[New Rule] Name of rule: Suspicious Systemd Timer Creation for Persistence

[litemars]

Description

Detects creation of systemd timer files in suspicious contexts that may indicate persistence establishment.

Target Ruleset

linux

Target Rule Type

Custom (KQL or Lucene)

Tested ECS Version

9.2.0

Query

file where host.os.type == "linux" and event.type == "creation" and

/* Detect .timer file creation /
file.extension == "timer" and
file.path : ("/etc/systemd/system/.timer",
"/lib/systemd/system/.timer",
"/usr/lib/systemd/system/.timer",
"/home//.config/systemd/user/.timer",
"/root/.config/systemd/user/*.timer") and

/* Created by suspicious processes */
(
process.name in ("bash", "sh", "dash", "zsh", "fish", "python", "python3", "perl", "ruby") or
process.name in ("curl", "wget", "nc", "ncat", "socat") or
process.parent.name in ("bash", "sh", "curl", "wget")
) and

/* Exclude package managers */
not process.parent.name in ("dpkg", "apt", "apt-get", "yum", "dnf", "zypper", "rpm") and
not process.name in ("dpkg", "apt", "yum", "dnf")

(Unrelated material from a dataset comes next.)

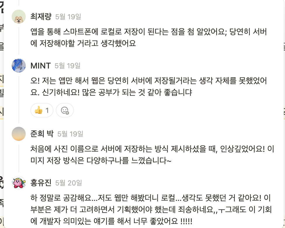 이렇게 가볍게 댓글을 주고받으며, 서로의 생각을 자연스럽게 공유할 수 있었다.
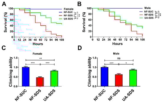 Figure 1. The reduced survival rate and climbing ability caused by sodium dodecyl sulfate (SDS) could be improved by ulcerative colitis (UA) in Drosophila. (A,B) The ulcerative colitis (UC) model group (NF-SDS) showed shorter life span than control group (NF-SUC). The 100 μM UA supplementation (UA-SDS) can significantly elevate the decreased survival rates of both female (A) and male (B) flies exposed to 0.5% SDS (NF-SDS). (C,D) The UC model group (NF-SDS) showed decreased climbing ability compared to the control group (NF-SUC). UA supplementation (UA-SDS) elevated the reduced climbing ability of female (C) and male (D) flies treated with 0.5% SDS. * p < 0.05, ** p < 0.01, *** p < 0.001, ns: not significant.

New fields required in ECS/data sources for this rule?

No response

Related issues or PRs

No response

References

No response

Redacted Example Data

No response

[Aegrah]

Hi @litemars, I am curious, did you take a look at our rule for systemd timer creations? https://github.com/elastic/detection-rules/blob/main/rules/linux/persistence_systemd_scheduled_timer_created.toml

Query:

file where host.os.type == "linux" and event.action in ("rename", "creation") and file.path : (
  "/etc/systemd/system/*", "/etc/systemd/user/*", "/usr/local/lib/systemd/system/*",
  "/lib/systemd/system/*", "/usr/lib/systemd/system/*", "/usr/lib/systemd/user/*",
  "/home/*/.config/systemd/user/*", "/home/*/.local/share/systemd/user/*",
  "/root/.config/systemd/user/*", "/root/.local/share/systemd/user/*"
) and file.extension == "timer"

If this suffices, feel free to close out the issue.